Deutschland als neues Zuhause hat bei Emigranten offenbar an Beliebtheit verloren. Das zeigen aktuelle Daten des Statistischen Bundesamts in Wiesbaden. Im vergangenen Jahr sank die Zahl der sogenannten Nettozuwanderung – also das Ergebnis aus Auswanderung und Einwanderung – demnach auf 235.000 Menschen.
Zuzug bricht um 13 Prozent ein
Das entspricht einem Rückgang von 45 Prozent im Vergleich zum Vorjahr. 2024 lag die Nettozuwanderung noch bei rund 430.000 Menschen, nachdem 2022 ein Höchststand von 1,462 Millionen erreicht worden war.
Insgesamt seien 2025 etwa 1,48 Millionen Menschen nach Deutschland gezogen, so die Statistiker. Das waren demnach 13 Prozent weniger als 2024. Die Zahl der Fortzüge sei um etwa zwei Prozent auf 1,25 Millionen Menschen gesunken.
Weniger Asylsuchende ein Grund für Rückgang
Eine Ursache für die Entwicklung vermutet das Bundesamt darin, dass weniger Menschen aus den Hauptherkunftsländern der Asylsuchenden gekommen sind. Die Nettozuwanderung aus Syrien sei um 67 Prozent zurückgegangen, die aus Afghanistan und der Türkei jeweils um 41 Prozent. Auch aus der Ukraine wurde laut Mitteilung ein Minus von 21 Prozent registriert. Geflüchtete aus der Ukraine müssen in Deutschland allerdings keinen Asylantrag stellen, sondern erhalten eine Aufenthaltsgewährung zum vorübergehenden Schutz.
Hinzu kommt ein spürbarer Rückgang bei der Zuwanderung von Menschen aus anderen Staaten der Europäischen Union. Demnach zogen 2025 rund 54.000 Menschen mehr in andere EU-Staaten, als von dort nach Deutschland kamen. Besonders deutlich war der Rückgang bei den Zuzügen aus Polen und Bulgarien.

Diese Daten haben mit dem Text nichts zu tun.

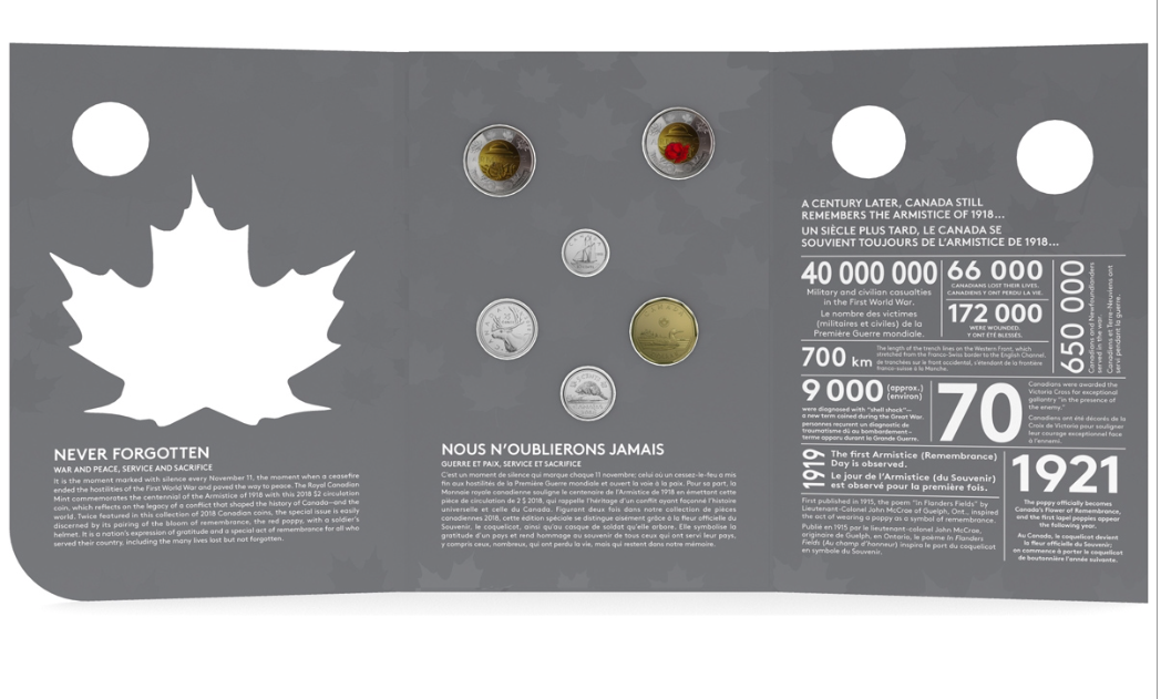 Armistice Collector card Circulation Set - 2018 Canada Nickel Prooflike Uncirculated Coin Set
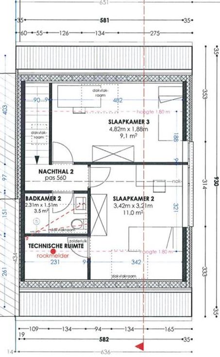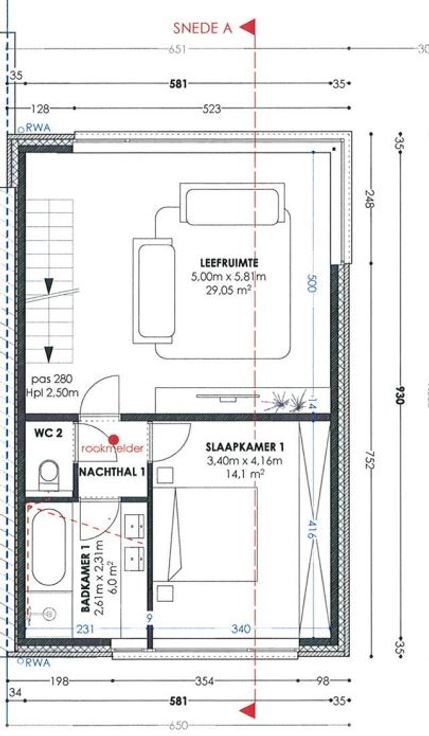 Tweede verdieping: twee ruime slaapkamers, badkamer met douche/WC en een bergruimte.

Eine Zunahme des Wanderungssaldos im Vergleich zum Vorjahr verzeichneten die Niederlande und Rumänien.
Deutsche zieht es vorrangig in die Alpen oder nach Spanien
Deutsche wanderten 2025 demnach vor allem in die Schweiz, nach Österreich und nach Spanien aus. Innerhalb Deutschlands habe es im vergangenen Jahr insgesamt etwa 996.000 Wanderungen über die Bundesländergrenzen gegeben. Nach Verrechnung der Hin- und Fortzüge hatte Berlin mit minus 12.000 Menschen die größten Verluste, Brandenburg die meisten Gewinne mit 9.000 Menschen.

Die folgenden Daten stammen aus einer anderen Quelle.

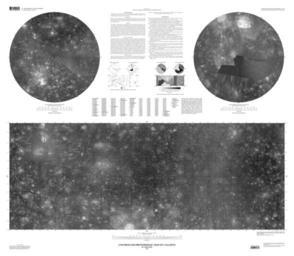 | Keywords: Callisto USGS map.jpg LargeImage en Prepared on behalf of the Planetary Geology and Geophysics Program Solar System Exploration Division Office of Space Science National Aeronautics and Space Administration This sheet is one in a series of maps of the Galilean satellites of Jupiter at a nominal scale of 1 15 000 000 This series is based on data from the Galileo Orbiter Solid-State Imaging SSI camera and the cameras of the Voyager 1 and 2 spacecraft Mercator and Polar Stereographic projections used for this map of Callisto are based on a sphere having a radius of 2 409 3 km The scale is 1 8 388 000 at ±56° latitude for both projections Longitude increases to the west in accordance with the International Astronomical Union 1971 Seidelmann and others 2002 The geometric control network was computed at the RAND Corporation using RAND's most recent solution as of April 1999 Davies and Katayama 1981; Davies and others 1998 This process involved selecting control points on the individual images making pixel measurements of their locations using reseau locations to correct for geometric distortions and converting the measurements to millimeters in the focal plane These data are combined with the camera focal lengths and navigation solutions as input to photogrammetric triangulation software that solves for the best-fit sphere the coordinates of the control points the three orientation angles of the camera at each exposure right ascension declination and twist and an angle W0 which defines the orientation of Callisto in space W0-in this solution 259 51°-is the angle along the equator to the east between the 0° meridian and the equator's intersection with the celestial equator at the standard epoch J2000 0 This solution places the crater Saga at its defined longitude of 326° west Seidelmann and others 2002 This global map base uses the best image quality and moderate resolution coverage supplied by Galileo SSI and Voyager 1 and 2 Batson 1987; Becker and others 1998; Becker and others 1999; Becker and others 2001 The digital map was produced using Integrated Software for Imagers and Spectrometers ISIS Eliason 1997; Gaddis and others 1997; Torson and Becker 1997 The individual images were radiometrically calibrated and photometrically normalized using a Lunar-Lambert function with empirically derived values McEwen 1991; Kirk and others 2000 A linear correction based on the statistics of all overlapping areas was then applied to minimize image brightness variations The image data were selected on the basis of overall image quality reasonable original input resolution from 20 km/pixel for gap fill to as much as 150 m/pixel and availability of moderate emission/incidence angles for topography Although consistency was achieved where possible different filters were included for global image coverage as necessary clear for Voyager 1 and 2; clear and green 559 nm for Galileo SSI Individual images were projected to a Sinusoidal Equal-Area projection at an image resolution of 1 0 kilometer/pixel The final constructed Sinusoidal projection mosaic was then reprojected to the Mercator and Polar Stereographic projections included on this sheet The final mosaic was enhanced using commercial software Names on this sheet are approved by the International Astronomical Union Names have been applied for features clearly visible at the scale of this map; for a complete list of nomenclature for Callisto please see the Gazeteer of Planetary Nomenclature Font color was chosen only for readability http //geopubs wr usgs gov/i-map/i2770/ USGS 2002-05-01 File Callisto equatorial jpg File Callisto north pole jpg File Callisto south pole jpg Maps of Callisto PD-USGov |
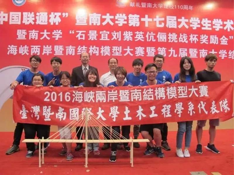 台湾暨南大学代表队参加“2016海峡两岸暨南结构模型大赛”时留影。

Bayern innerhalb Deutschlands sehr gefragt
Innerhalb Deutschlands wurden 2025 knapp eine Million Wanderungen über die Bundeslandgrenzen erfasst. Das war rund ein Prozent weniger als im Vorjahr. Dabei verzeichnete Brandenburg mit einem Plus von 9.000 Menschen den größten Wanderungsgewinn, gefolgt von Bayern und Schleswig-Holstein (je plus 8.000). Die größten Wanderungsverluste gab es hingegen in Berlin mit 12.000 Menschen. Es folgten Thüringen (minus 6.000) und Nordrhein-Westfalen (minus 5.000).